I think we can all agree: the Oscars were more than a little boggling this year. The hosting team of James Franco and Anne Hathaway was oddly calibrated—to say the least. To say the most, they were awful and Billy Crystal should have just taken over half-way through when he came on stage to do that weird Bob Hope thing (which everyone could have done without, frankly).

Hathaway’s first moments onstage should have included the disclaimer: “I took uppers, he took downers! Isn’t it exciting?!”

Here is my disclaimer: I am not a Hathaway fan to begin with. Let that inform your reading as you will.

The opening montage was entertaining for very few reasons:

  1. It probably irritated Leonardo DiCaprio.
  2. Alec Bladwin had an Ambien juice-box.
  3. OK, the Social Network bit was pretty entertaining. Fine.
  4. Morgan Freeman subtly acknowledged that much of the world’s population wishes he would narrate their lives: “Alec likes me to narrate his dreams; says I have a soothing voice.”
  5. At the end, Morgan Freeman and Alec Baldwin both wondered who on earth Franco and Hathaway were.

That is five entertaining moments (and a couple horrifying ones such as the True Grit and Black Swan bits) in the part of the show that involves the most prep-work and was taped ahead of time.
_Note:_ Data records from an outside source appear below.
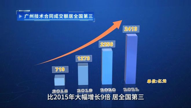 2021年技术合同成交额达2413亿元,比2015年大幅增长9倍,居全国第三。
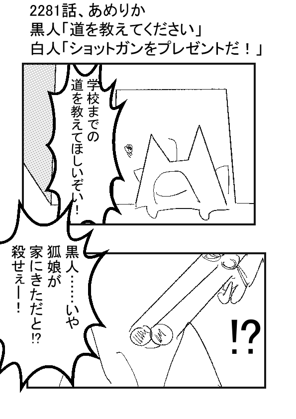 ーー ★(ノ゜ω゜)(ノ゜ω゜)先生ぇー!どういう事だぁー! ーー †(´・ω・`)道を尋ねてきたのが……狐娘だったら、モフモフしてもええかのう? ーー ★(ノ゜ω゜)(ノ゜ω゜)いや、モフハラだからな?!それ! ーー †(´・ω・`)じゃ、少年側も武装すればワンチャンス(ライフル協会風 ーー ★(ノ゜ω゜)(ノ゜ω゜)こらぁー!?人死がでるでろー!? ーー †(´・ω・`)道尋ねるだけで、発泡されるんじゃし。 武装しないとダメじゃろ? ーー ★(ノ゜ω゜)(ノ゜ω゜)どんな理屈だ!?先生なんてオークの巣に道を聴きに行って、鍋の具になればいいんだ! ーー †(´・ω・`)!?
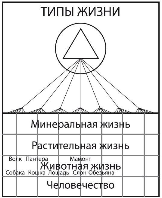 Линия жизни, которая в дальнейшем должна стать человеческой, уже имеет зачаточные признаки будущей специализации, даже на самых ранних своих стадиях: элементальной, минеральной и растительной; более заметной она становится на этапе животного царства. Существуют семь основных типов жизни, которая в дальнейшем станет человечеством, и в каждом типе имеются видоизменения вследствие влияния их друг на друга. Эти типы сохраняются на протяжении всех предшествующих человеку царств. Жизнь собак всегда отличается от жизни кошек, а жизнь слонов – от жизни тех и других. Жизнь собаки развивалась через формы волков, шакалов и других представителей семейства псовых до тех пор, пока не достигла своего наивысшего воплощения в домашней собаке. Подобным образом и другие типы животной жизни, такие как кошки, лошади, слоны, обезьяны, также ранее воплощались в более диких и доисторических формах своего вида. (Эта тема будет рассмотрена более подробно в главе 7 «Эволюция животных».)
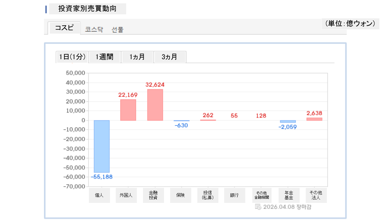 2026年04月09日(木)の韓国株式市場が開きました。10:01現在、KOSPI(韓国総合株価指数)のチャートは以下のようになっています(チャートは『Investing.com』より引用)。投資家別売買動向は以下です。⇒データ引用元:『f...

You know what I miss? The Gilligan’s Island montage from 1998—the year of Titanic—when Billy Crystal was still hosting. He was entertaining. It starts here with the pre-taped montage and continues here on-stage with the Gilligan theme song parody, and then a When Harry Met Sally musical love moment found in As Good As It Gets sung to “Let’s Call the Whole Thing Off.” There’s even Hello Dolly redone for The Full Monty.

So good (also you get to see Gloria Stuart all crazy glammed up). That is how it is done.

I digress. Back to the present.


Little moments of note:

  • Franco’s grandmother informing the audience that she had just seen Marky-Mark was passable; Hathaway’s mother telling her to stand up straight was not.
  • Gone with the Wind tribute helmed by Tom Hanks, bolstered by an explanation of the ultimate Best Picture trifecta of Oscars, not won by a single film since Titanic, won for the first time by Gone with the Wind: Best Picture, Best Art Direction, Best Cinematography. I love Gone with the Wind, so I was on board for hearing some of the score and the Tara backdrop… but maybe it was unnecessary.
  • The four hundred hours it took Kirk Douglas to present Best Supporting Actress to Melissa Leo just has to be mentioned. It was arduous, it was a ridiculous and it was creepy. Kirk: please do not ever publicly lust over someone my age ever again. Anne: Do not ever “you-are-the-master”-bow to anyone in public ever again. Melissa Leo: Just because Natalie Portman said “asshole” at the SAG awards doesn’t mean you should drop the f-bomb to one-up her at the Oscars.

  • At least Leo’s faux pas created a diversion from the presenter-death that preceded and followed. We all know that Justin Timberlake is hilarious. Those of us who enjoy That 70s Show reruns while everyone else is at work know that Mila Kunis is pretty funny lady. Why was their banter the kiss of death? How was it possible? No one saw that coming.
  • Toy Story 3 wins for adapted screenplay? Adapted from what? The two preceding films? Mr. Potato Head? Cowboy make-believe play of the past 150-odd years? Theodore Roosevelt’s original Teddy Bear? What?
  • Blah, blah, Aaron Sorkin wouldn’t shut up and kept repeating names.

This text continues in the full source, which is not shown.